#### INSTRUCTIONS FOR THE TASK:
Transcribe exactly, and without pictures, only the lines from the one bearing "สิงหาคม 2555 ความพิเศษแบบนี้มีให้เฉพาะลูกค้าเอชทีซีเท่านั้น" through the final line of the data below.
START MATERIAL PROVIDED
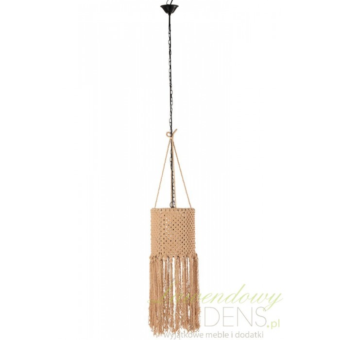 Lampy w stylu skandynawskim takie jak lampy z makaramy są najlepszym wyborem do wyposażenia wnętrz takich jak pokoje i salony, w których przytulne światło to podstawa. Lampa makrama to lampa sufitowa w kolorze beżowym ozdobiona swobodnie zwisającymi frędzlami. Wewnątrz materiałowego klosza znajduje się miejsce na jedną żarówkę. Lampa wyposażona w długi łańcuch wprowadzi do wnętrza dozę skandynawskiego designu.
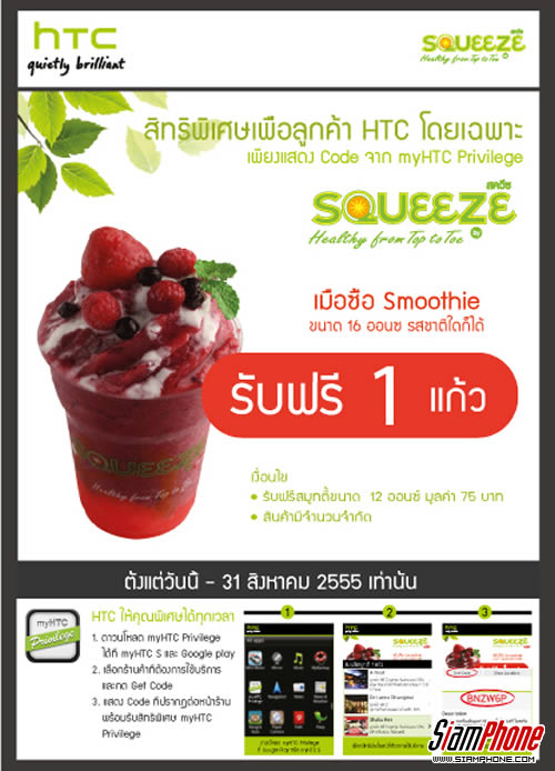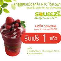 เอชทีซีใจดีขยายเวลาต่อเนื่องด้วยโปรโมชั่นสุดพิเศษเครื่องดื่มเพื่อสุขภาพตลอดเดือนสิงหาคมนี้ที่ร้าน Squeeze เพียงซื้อสมูทตี้ขนาด 16 ออนซ์ รสชาติใดก็ได้ รับไปเลยสมูทตี้ขนาด 12 ออนซ์ 1 แก้วฟรี!!! ด้วยขั้นตอนง่ายๆเพียงดาวน์โหลด myHTC privilege จาก Play store หรือ myHTC S พร้อมเลือกสิทธิประโยชน์ที่ต้องการใช้บริการ กด Get Code และแสดงรหัสที่ปรากฏหน้าร้านค้า เพียงเท่านี้ก็ได้รับสิทธิพิเศษเหนือใครตั้งแต่วันนี้ – 31 สิงหาคม 2555 ความพิเศษแบบนี้มีให้เฉพาะลูกค้าเอชทีซีเท่านั้น
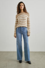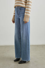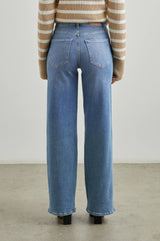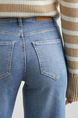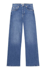 Højtaljede jeans fra Rails med brede ben. Jeansene er mere tætsiddende ved hofterne og låret og brede fra slutning af låret og hele vejen ned. Materialet har en smule stræk, så de er behagelige at have på. Vi anbefaler, at man går en størrelse ned, da de er store i størrelsen.
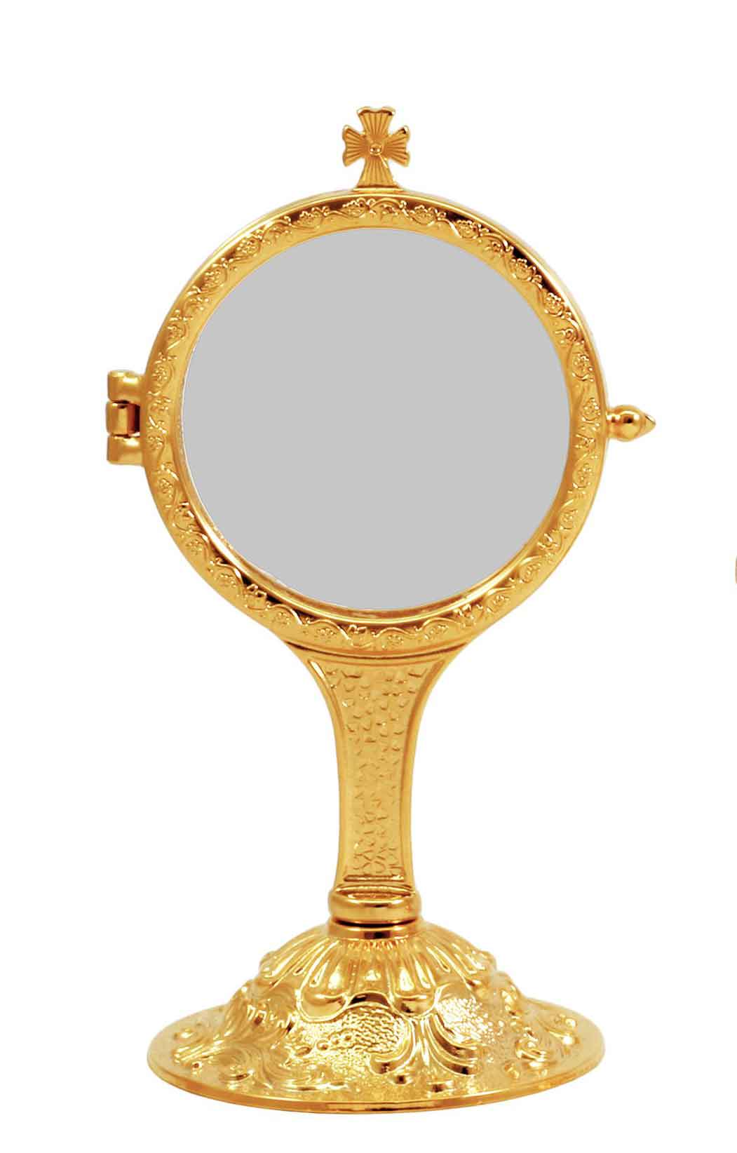 Prosta forma wykonania włoskiego producenta. Monstrancja złocona 24-karatowym złotem. Starannie wykonana.
END MATERIAL PROVIDED
#### RESULT OF THE TASK:
 เอชทีซีใจดีขยายเวลาต่อเนื่องด้วยโปรโมชั่นสุดพิเศษเครื่องดื่มเพื่อสุขภาพตลอดเดือนสิงหาคมนี้ที่ร้าน Squeeze เพียงซื้อสมูทตี้ขนาด 16 ออนซ์ รสชาติใดก็ได้ รับไปเลยสมูทตี้ขนาด 12 ออนซ์ 1 แก้วฟรี!!! ด้วยขั้นตอนง่ายๆเพียงดาวน์โหลด myHTC privilege จาก Play store หรือ myHTC S พร้อมเลือกสิทธิประโยชน์ที่ต้องการใช้บริการ กด Get Code และแสดงรหัสที่ปรากฏหน้าร้านค้า เพียงเท่านี้ก็ได้รับสิทธิพิเศษเหนือใครตั้งแต่วันนี้ – 31 สิงหาคม 2555 ความพิเศษแบบนี้มีให้เฉพาะลูกค้าเอชทีซีเท่านั้น
 Højtaljede jeans fra Rails med brede ben. Jeansene er mere tætsiddende ved hofterne og låret og brede fra slutning af låret og hele vejen ned. Materialet har en smule stræk, så de er behagelige at have på. Vi anbefaler, at man går en størrelse ned, da de er store i størrelsen.
 Prosta forma wykonania włoskiego producenta. Monstrancja złocona 24-karatowym złotem. Starannie wykonana.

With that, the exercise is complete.